:: TASK OBJECTIVE ::
The required output is the complete data, repeated without alteration.

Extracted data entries

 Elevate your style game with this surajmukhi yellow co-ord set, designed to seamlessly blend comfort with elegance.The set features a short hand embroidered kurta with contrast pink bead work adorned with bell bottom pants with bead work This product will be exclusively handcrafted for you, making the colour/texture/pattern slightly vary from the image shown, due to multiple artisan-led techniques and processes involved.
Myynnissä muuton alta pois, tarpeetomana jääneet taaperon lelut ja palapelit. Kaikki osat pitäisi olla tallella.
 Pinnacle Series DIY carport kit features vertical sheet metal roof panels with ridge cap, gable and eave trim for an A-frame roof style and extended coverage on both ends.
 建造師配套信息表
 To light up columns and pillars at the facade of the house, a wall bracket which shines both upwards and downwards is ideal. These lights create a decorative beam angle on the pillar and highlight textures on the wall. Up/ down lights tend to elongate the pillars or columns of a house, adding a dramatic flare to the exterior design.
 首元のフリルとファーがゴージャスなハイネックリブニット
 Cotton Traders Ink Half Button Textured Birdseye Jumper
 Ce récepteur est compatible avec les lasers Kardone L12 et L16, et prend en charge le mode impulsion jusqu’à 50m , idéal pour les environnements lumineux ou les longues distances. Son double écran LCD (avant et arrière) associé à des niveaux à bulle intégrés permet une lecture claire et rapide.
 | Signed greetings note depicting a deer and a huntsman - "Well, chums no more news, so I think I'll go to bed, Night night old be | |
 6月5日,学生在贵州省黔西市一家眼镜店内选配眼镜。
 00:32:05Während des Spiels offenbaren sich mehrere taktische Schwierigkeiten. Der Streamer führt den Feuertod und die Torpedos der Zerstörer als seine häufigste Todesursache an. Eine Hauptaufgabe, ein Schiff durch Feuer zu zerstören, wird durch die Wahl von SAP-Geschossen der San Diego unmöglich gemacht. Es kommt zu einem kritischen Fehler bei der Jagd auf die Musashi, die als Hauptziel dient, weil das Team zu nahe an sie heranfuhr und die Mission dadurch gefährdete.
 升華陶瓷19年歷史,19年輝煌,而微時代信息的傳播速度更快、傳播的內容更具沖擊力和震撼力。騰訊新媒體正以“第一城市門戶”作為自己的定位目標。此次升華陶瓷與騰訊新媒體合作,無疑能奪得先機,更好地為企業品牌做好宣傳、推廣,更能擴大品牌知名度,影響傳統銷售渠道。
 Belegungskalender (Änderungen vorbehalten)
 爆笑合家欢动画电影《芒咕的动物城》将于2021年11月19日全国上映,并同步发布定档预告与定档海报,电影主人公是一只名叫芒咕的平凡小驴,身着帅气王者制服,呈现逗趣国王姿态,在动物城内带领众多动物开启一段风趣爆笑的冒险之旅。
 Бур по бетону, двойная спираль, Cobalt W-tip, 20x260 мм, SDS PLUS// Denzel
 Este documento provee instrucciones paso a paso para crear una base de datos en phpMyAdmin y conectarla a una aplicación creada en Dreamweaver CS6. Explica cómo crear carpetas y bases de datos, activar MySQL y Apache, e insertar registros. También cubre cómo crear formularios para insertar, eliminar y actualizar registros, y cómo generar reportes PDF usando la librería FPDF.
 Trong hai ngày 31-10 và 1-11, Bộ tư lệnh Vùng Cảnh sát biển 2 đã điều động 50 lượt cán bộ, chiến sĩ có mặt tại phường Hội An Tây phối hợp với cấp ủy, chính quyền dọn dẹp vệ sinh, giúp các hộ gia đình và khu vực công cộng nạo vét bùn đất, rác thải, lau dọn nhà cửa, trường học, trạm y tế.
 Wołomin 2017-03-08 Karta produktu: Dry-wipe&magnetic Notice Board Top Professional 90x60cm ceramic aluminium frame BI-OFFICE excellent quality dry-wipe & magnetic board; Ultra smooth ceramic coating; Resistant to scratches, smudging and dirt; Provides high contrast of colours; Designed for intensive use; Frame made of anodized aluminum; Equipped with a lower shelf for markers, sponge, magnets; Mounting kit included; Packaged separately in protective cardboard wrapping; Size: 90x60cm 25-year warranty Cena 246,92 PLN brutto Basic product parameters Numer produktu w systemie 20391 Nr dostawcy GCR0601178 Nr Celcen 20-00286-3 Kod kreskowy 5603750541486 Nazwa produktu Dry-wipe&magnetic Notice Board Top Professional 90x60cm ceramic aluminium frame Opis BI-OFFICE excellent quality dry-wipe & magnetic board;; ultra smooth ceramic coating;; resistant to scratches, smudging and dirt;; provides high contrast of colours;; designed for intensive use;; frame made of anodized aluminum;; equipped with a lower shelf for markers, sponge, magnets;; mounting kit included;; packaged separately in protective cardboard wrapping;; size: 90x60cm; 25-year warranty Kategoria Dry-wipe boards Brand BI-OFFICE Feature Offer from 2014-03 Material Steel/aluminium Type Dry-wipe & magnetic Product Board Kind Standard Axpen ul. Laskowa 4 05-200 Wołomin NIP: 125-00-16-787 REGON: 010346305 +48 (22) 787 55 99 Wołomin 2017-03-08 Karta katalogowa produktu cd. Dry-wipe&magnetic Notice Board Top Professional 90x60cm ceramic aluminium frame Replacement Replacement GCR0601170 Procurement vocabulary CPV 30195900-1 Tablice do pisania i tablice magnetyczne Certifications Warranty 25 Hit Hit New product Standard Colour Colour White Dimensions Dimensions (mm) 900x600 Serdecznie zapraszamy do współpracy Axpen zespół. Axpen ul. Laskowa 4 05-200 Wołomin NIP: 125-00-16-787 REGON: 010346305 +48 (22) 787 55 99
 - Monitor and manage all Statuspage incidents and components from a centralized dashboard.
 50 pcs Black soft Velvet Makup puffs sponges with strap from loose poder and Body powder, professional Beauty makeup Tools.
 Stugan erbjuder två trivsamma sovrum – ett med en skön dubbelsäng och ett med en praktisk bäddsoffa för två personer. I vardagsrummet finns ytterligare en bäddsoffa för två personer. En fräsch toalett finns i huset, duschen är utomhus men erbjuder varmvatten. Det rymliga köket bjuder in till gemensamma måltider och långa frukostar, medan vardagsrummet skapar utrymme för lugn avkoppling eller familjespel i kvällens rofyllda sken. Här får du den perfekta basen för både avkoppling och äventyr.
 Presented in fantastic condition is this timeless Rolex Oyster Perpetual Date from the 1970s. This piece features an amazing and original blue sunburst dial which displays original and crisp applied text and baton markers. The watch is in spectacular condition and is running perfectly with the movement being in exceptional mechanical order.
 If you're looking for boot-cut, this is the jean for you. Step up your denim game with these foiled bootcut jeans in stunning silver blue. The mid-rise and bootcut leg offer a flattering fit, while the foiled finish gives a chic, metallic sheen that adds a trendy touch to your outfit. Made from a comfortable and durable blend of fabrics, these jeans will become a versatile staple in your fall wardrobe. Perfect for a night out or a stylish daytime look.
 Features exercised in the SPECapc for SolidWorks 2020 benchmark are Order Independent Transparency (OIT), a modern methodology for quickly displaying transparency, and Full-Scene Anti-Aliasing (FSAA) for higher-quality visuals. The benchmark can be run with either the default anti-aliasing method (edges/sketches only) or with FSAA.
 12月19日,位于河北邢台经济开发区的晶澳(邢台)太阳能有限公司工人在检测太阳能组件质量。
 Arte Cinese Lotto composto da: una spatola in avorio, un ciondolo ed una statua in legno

:: YOUR SOLUTION ::
 Elevate your style game with this surajmukhi yellow co-ord set, designed to seamlessly blend comfort with elegance.The set features a short hand embroidered kurta with contrast pink bead work adorned with bell bottom pants with bead work This product will be exclusively handcrafted for you, making the colour/texture/pattern slightly vary from the image shown, due to multiple artisan-led techniques and processes involved.
Myynnissä muuton alta pois, tarpeetomana jääneet taaperon lelut ja palapelit. Kaikki osat pitäisi olla tallella.
 Pinnacle Series DIY carport kit features vertical sheet metal roof panels with ridge cap, gable and eave trim for an A-frame roof style and extended coverage on both ends.
 建造師配套信息表
 To light up columns and pillars at the facade of the house, a wall bracket which shines both upwards and downwards is ideal. These lights create a decorative beam angle on the pillar and highlight textures on the wall. Up/ down lights tend to elongate the pillars or columns of a house, adding a dramatic flare to the exterior design.
 首元のフリルとファーがゴージャスなハイネックリブニット
 Cotton Traders Ink Half Button Textured Birdseye Jumper
 Ce récepteur est compatible avec les lasers Kardone L12 et L16, et prend en charge le mode impulsion jusqu’à 50m , idéal pour les environnements lumineux ou les longues distances. Son double écran LCD (avant et arrière) associé à des niveaux à bulle intégrés permet une lecture claire et rapide.
 | Signed greetings note depicting a deer and a huntsman - "Well, chums no more news, so I think I'll go to bed, Night night old be | |
 6月5日,学生在贵州省黔西市一家眼镜店内选配眼镜。
 00:32:05Während des Spiels offenbaren sich mehrere taktische Schwierigkeiten. Der Streamer führt den Feuertod und die Torpedos der Zerstörer als seine häufigste Todesursache an. Eine Hauptaufgabe, ein Schiff durch Feuer zu zerstören, wird durch die Wahl von SAP-Geschossen der San Diego unmöglich gemacht. Es kommt zu einem kritischen Fehler bei der Jagd auf die Musashi, die als Hauptziel dient, weil das Team zu nahe an sie heranfuhr und die Mission dadurch gefährdete.
 升華陶瓷19年歷史,19年輝煌,而微時代信息的傳播速度更快、傳播的內容更具沖擊力和震撼力。騰訊新媒體正以“第一城市門戶”作為自己的定位目標。此次升華陶瓷與騰訊新媒體合作,無疑能奪得先機,更好地為企業品牌做好宣傳、推廣,更能擴大品牌知名度,影響傳統銷售渠道。
 Belegungskalender (Änderungen vorbehalten)
 爆笑合家欢动画电影《芒咕的动物城》将于2021年11月19日全国上映,并同步发布定档预告与定档海报,电影主人公是一只名叫芒咕的平凡小驴,身着帅气王者制服,呈现逗趣国王姿态,在动物城内带领众多动物开启一段风趣爆笑的冒险之旅。
 Бур по бетону, двойная спираль, Cobalt W-tip, 20x260 мм, SDS PLUS// Denzel
 Este documento provee instrucciones paso a paso para crear una base de datos en phpMyAdmin y conectarla a una aplicación creada en Dreamweaver CS6. Explica cómo crear carpetas y bases de datos, activar MySQL y Apache, e insertar registros. También cubre cómo crear formularios para insertar, eliminar y actualizar registros, y cómo generar reportes PDF usando la librería FPDF.
 Trong hai ngày 31-10 và 1-11, Bộ tư lệnh Vùng Cảnh sát biển 2 đã điều động 50 lượt cán bộ, chiến sĩ có mặt tại phường Hội An Tây phối hợp với cấp ủy, chính quyền dọn dẹp vệ sinh, giúp các hộ gia đình và khu vực công cộng nạo vét bùn đất, rác thải, lau dọn nhà cửa, trường học, trạm y tế.
 Wołomin 2017-03-08 Karta produktu: Dry-wipe&magnetic Notice Board Top Professional 90x60cm ceramic aluminium frame BI-OFFICE excellent quality dry-wipe & magnetic board; Ultra smooth ceramic coating; Resistant to scratches, smudging and dirt; Provides high contrast of colours; Designed for intensive use; Frame made of anodized aluminum; Equipped with a lower shelf for markers, sponge, magnets; Mounting kit included; Packaged separately in protective cardboard wrapping; Size: 90x60cm 25-year warranty Cena 246,92 PLN brutto Basic product parameters Numer produktu w systemie 20391 Nr dostawcy GCR0601178 Nr Celcen 20-00286-3 Kod kreskowy 5603750541486 Nazwa produktu Dry-wipe&magnetic Notice Board Top Professional 90x60cm ceramic aluminium frame Opis BI-OFFICE excellent quality dry-wipe & magnetic board;; ultra smooth ceramic coating;; resistant to scratches, smudging and dirt;; provides high contrast of colours;; designed for intensive use;; frame made of anodized aluminum;; equipped with a lower shelf for markers, sponge, magnets;; mounting kit included;; packaged separately in protective cardboard wrapping;; size: 90x60cm; 25-year warranty Kategoria Dry-wipe boards Brand BI-OFFICE Feature Offer from 2014-03 Material Steel/aluminium Type Dry-wipe & magnetic Product Board Kind Standard Axpen ul. Laskowa 4 05-200 Wołomin NIP: 125-00-16-787 REGON: 010346305 +48 (22) 787 55 99 Wołomin 2017-03-08 Karta katalogowa produktu cd. Dry-wipe&magnetic Notice Board Top Professional 90x60cm ceramic aluminium frame Replacement Replacement GCR0601170 Procurement vocabulary CPV 30195900-1 Tablice do pisania i tablice magnetyczne Certifications Warranty 25 Hit Hit New product Standard Colour Colour White Dimensions Dimensions (mm) 900x600 Serdecznie zapraszamy do współpracy Axpen zespół. Axpen ul. Laskowa 4 05-200 Wołomin NIP: 125-00-16-787 REGON: 010346305 +48 (22) 787 55 99
 - Monitor and manage all Statuspage incidents and components from a centralized dashboard.
 50 pcs Black soft Velvet Makup puffs sponges with strap from loose poder and Body powder, professional Beauty makeup Tools.
 Stugan erbjuder två trivsamma sovrum – ett med en skön dubbelsäng och ett med en praktisk bäddsoffa för två personer. I vardagsrummet finns ytterligare en bäddsoffa för två personer. En fräsch toalett finns i huset, duschen är utomhus men erbjuder varmvatten. Det rymliga köket bjuder in till gemensamma måltider och långa frukostar, medan vardagsrummet skapar utrymme för lugn avkoppling eller familjespel i kvällens rofyllda sken. Här får du den perfekta basen för både avkoppling och äventyr.
 Presented in fantastic condition is this timeless Rolex Oyster Perpetual Date from the 1970s. This piece features an amazing and original blue sunburst dial which displays original and crisp applied text and baton markers. The watch is in spectacular condition and is running perfectly with the movement being in exceptional mechanical order.
 If you're looking for boot-cut, this is the jean for you. Step up your denim game with these foiled bootcut jeans in stunning silver blue. The mid-rise and bootcut leg offer a flattering fit, while the foiled finish gives a chic, metallic sheen that adds a trendy touch to your outfit. Made from a comfortable and durable blend of fabrics, these jeans will become a versatile staple in your fall wardrobe. Perfect for a night out or a stylish daytime look.
 Features exercised in the SPECapc for SolidWorks 2020 benchmark are Order Independent Transparency (OIT), a modern methodology for quickly displaying transparency, and Full-Scene Anti-Aliasing (FSAA) for higher-quality visuals. The benchmark can be run with either the default anti-aliasing method (edges/sketches only) or with FSAA.
 12月19日,位于河北邢台经济开发区的晶澳(邢台)太阳能有限公司工人在检测太阳能组件质量。
 Arte Cinese Lotto composto da: una spatola in avorio, un ciondolo ed una statua in legno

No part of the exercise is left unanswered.